[[ RECORDED INFORMATION open ]]

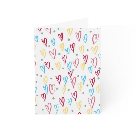 Scattered colorful hearts blank inside greeting cards (1, 10, 30, and 50pcs)
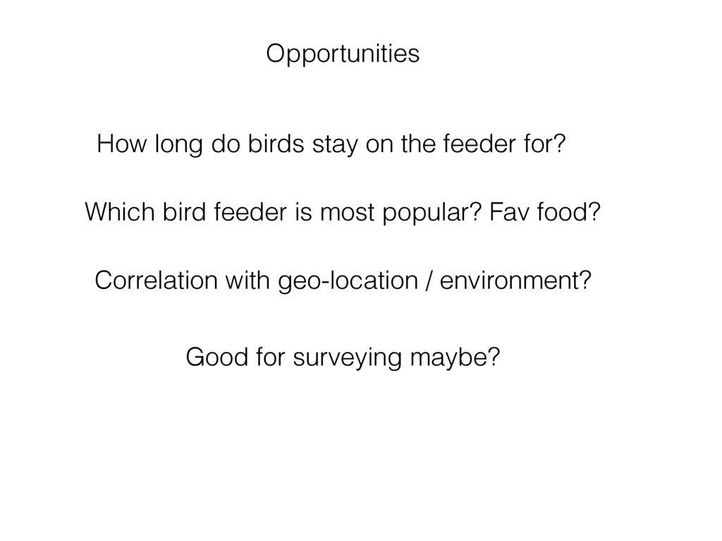 Which bird feeder is most popular? Fav food? Correlation with geo-location / environment? Good for surveying maybe?
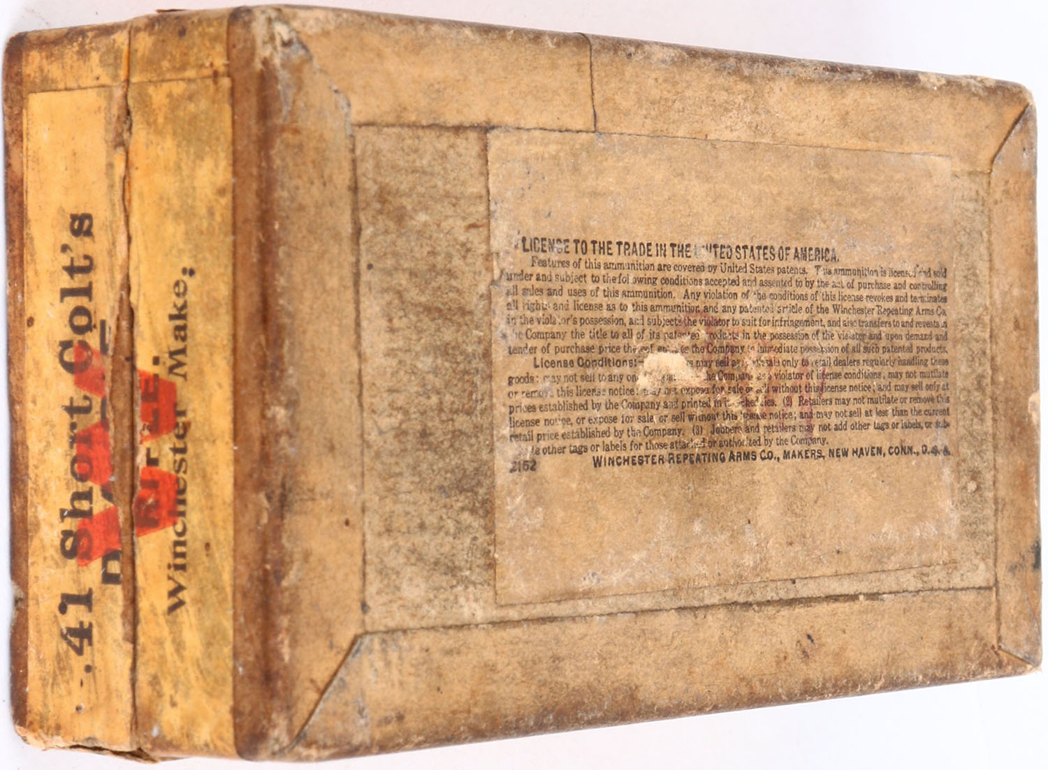 Winchester, Colt's, .41 Short Colt, Full, 2pc. Buff box with blue top & yellow side sealing labels, box is solid with good color, age soiling, shelf wear, side sealing label is sealed on back side, some edge & corner wear, side sealing label is 90% intact, ammo is very good to excellent. Grade: Very Good ++ - Value: 100 to 500

[[ RECORDED INFORMATION closed ]]

* **PROMPT**
Starting with the first line of the data, transcribe every line exactly through the one containing "Which bird feeder". No pictures go in.

* **ANSWER SECTION**
 Scattered colorful hearts blank inside greeting cards (1, 10, 30, and 50pcs)
 Which bird feeder is most popular? Fav food? Correlation with geo-location / environment? Good for surveying maybe?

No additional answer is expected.